JOHN MENADUE. The facts don’t show that Liberals are better economic managers. (Repost from 7/4/2018)

Jul 25, 2018

Malcolm Turnbull has made it clear that his mantra of ‘Jobs-and-Growth’ will be at the forefront of his campaign in the next election. This week he will be talking about the growth of a million jobs in 5 years, but there is nothing really remarkable in that on average over the last 15 years about 200,000 new jobs have been created each year. Further, it is less impressive because our population is growing by about two million every five years. 

Opinion polling suggests that Malcolm Turnbull is correct  about economic management with most people believing that the Liberal Party is a better economic manager than the ALP. Perhaps that is part of a common view that our superiors, even bankers, are smarter than other people. But the facts do not show that the Liberal Party is a better economic manager.

On an article in The Guardian on 19 March 2018,  Stephen Koukoulas, a research economist, after examining economic data, concluded ‘On both measures, the level of economic growth and growth relative to the US, Labor is a better performer than the Coalition. One of the weakest economic managers since the early 1970s is the current Abbott/Turnbull administration where GDP growth has averaged a mere 0.60% per quarter which is just 0.04 percentage points above the US performance.’

At the 2013 election, Tony Abbott campaigned stridently about government debt under the Gillard/Rudd governments. At that time, the Australian government debt to GDP was 30.7%. In 2017 it was 41.9% and projected to increase further.

In 2013, the last Rudd government budget deficit was 1.2% of GDP. It rose to 1.9% of GDP in 2017.

Only two Australian treasurers have been awarded the coveted Euromoney ‘Finance Minister of the Year’ award. Paul Keating won it in 1984 in recognition of the government’s role in structural reform. Wayne Swan won the award in 2011 in recognition of the government’s successful response to the Global Financial Crisis.

It is unlikely that recent treasurers, Joe Hockey or Scott Morrison, would make the shortlist for this award.
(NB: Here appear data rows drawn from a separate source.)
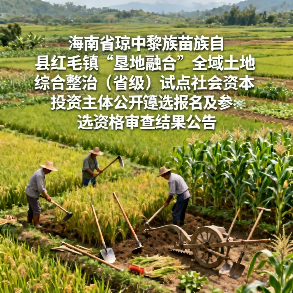 为做好海南省琼中黎族苗族自治县红毛镇“垦地融合”全域土地综合整治(省级)试点的工作,我单位于2024年7月8日在琼中黎族苗族自治县人民政府网站、红毛讯窗微信公众号、海南省“土地超市”等媒介上发布《海南省琼中黎族苗族自治县红毛镇“垦地融合”全域土地综合整治(省级)试点的社会资本投资主体公开遴选公告》。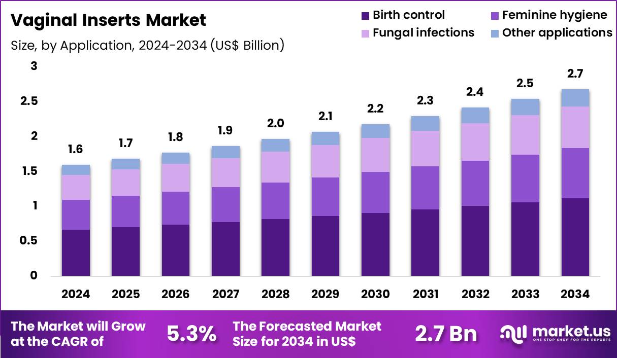 - Considering application, the market is divided into birth control, feminine hygiene, fungal infections and other applications. Among these, birth control held a significant share of 41.6%.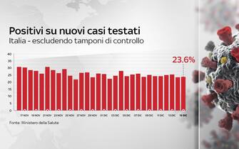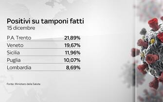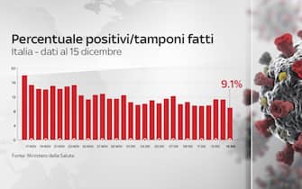 Scende la percentuale tra nuovi positivi al Covid-19 e tamponi giornalieri analizzati in Italia. Secondo i dati del bollettino del ministero della Salute del 15 dicembre, il valore - dall'11,6% di ieri - è calato al 9,1%: è il dato più basso da fine ottobre

But what about Peter Costello who because of his performance as treasurer in the Howard government is now suggested as a possible and belated alternative to Malcolm Turnbull.

Peter Costello was a very lucky treasurer. He inherited a booming world economy and a mining boom. As Paul Keating once put it, Peter Costello was ‘Hit in the arse by a rainbow’.

But with record revenues in boom times, Peter Costello introduced measures which have left a very serious and damaging legacy. Continuing chronic budget deficits are very much due to Peter Costello. The Howard and Costello government wasted the buoyant revenues of the mining boom.

The parliamentary budget office put this problem in the following terms.

‘Over two-thirds of the five percentage points of GDP decline in structural receipts over the period 2002/3 to 2011/12, was due to the cumulative effects of the successive personal income tax cuts granted between 2003/4 and 2008/9. A further quarter was the result of a decline in excise and customs duties as a proportion of GDP. Significant factors driving this trend included the abolition of petroleum fuels excise indexation in the 2001/2 Budget and the decline in the consumption of cigarettes and tobacco over the period.’

The IMF came to much the same conclusion. It identified two periods of Australian ‘fiscal profligacy’ in recent years, both during the Howard turn in office – in 2003 at the start of the mining boom and during his final years in office between 2005 and 2007. (SMH Jan 11, 2013).

In short, our continuing structural budget deficit is due in substantial part to the Howard/Costello government’s laxity with government spending and tax reductions during the mining boom. We blew the benefits of the mining boom when we should have been doing more to improve the underlying budget position.

The Howard/Costello years locked in negative gearing concessions and generous treatment of capital gains which have been at great cost to the government in lost revenue and priced many young Australians out of the housing market.

There were tax-free superannuation benefits, franking credit rebates and a whole series of decisions on spending and tax that have caused continuing budget difficulties and the skewing of the tax system and the economy in favour of older generations. There really has been generational theft.

It is estimated by the Australian Institute and the National Centre for Social and Economic Modelling that next year these tax lurks introduced by Howard/Costello will cost the budget over $50 billion a year. We are paying a very heavy price for the budget damage that Peter Costello inflicted over a decade ago.

Peter Costello must bear a heavy responsibility for our continuing budget deficit problems but Wayne Swan did not help either.

The other major cause of the structural deficit is that the Rudd government spent heavily to counter the global financial crisis. It was more successful than almost any other government in the world in avoiding a major recession and unemployment, but when the recovery took hold, the Rudd and Gillard governments did not focus on the structural deficit problem particularly as identified by the Henry tax review. Some improvements were made to reduce middle-class welfare like the subsidy to private health insurance and the over-generous concessions that Peter Costello had given to superannuants. But the improvements were nowhere near enough.

On balance, the ALP has had a better record in economic management. But Malcolm Turnbull will assert otherwise, despite the facts.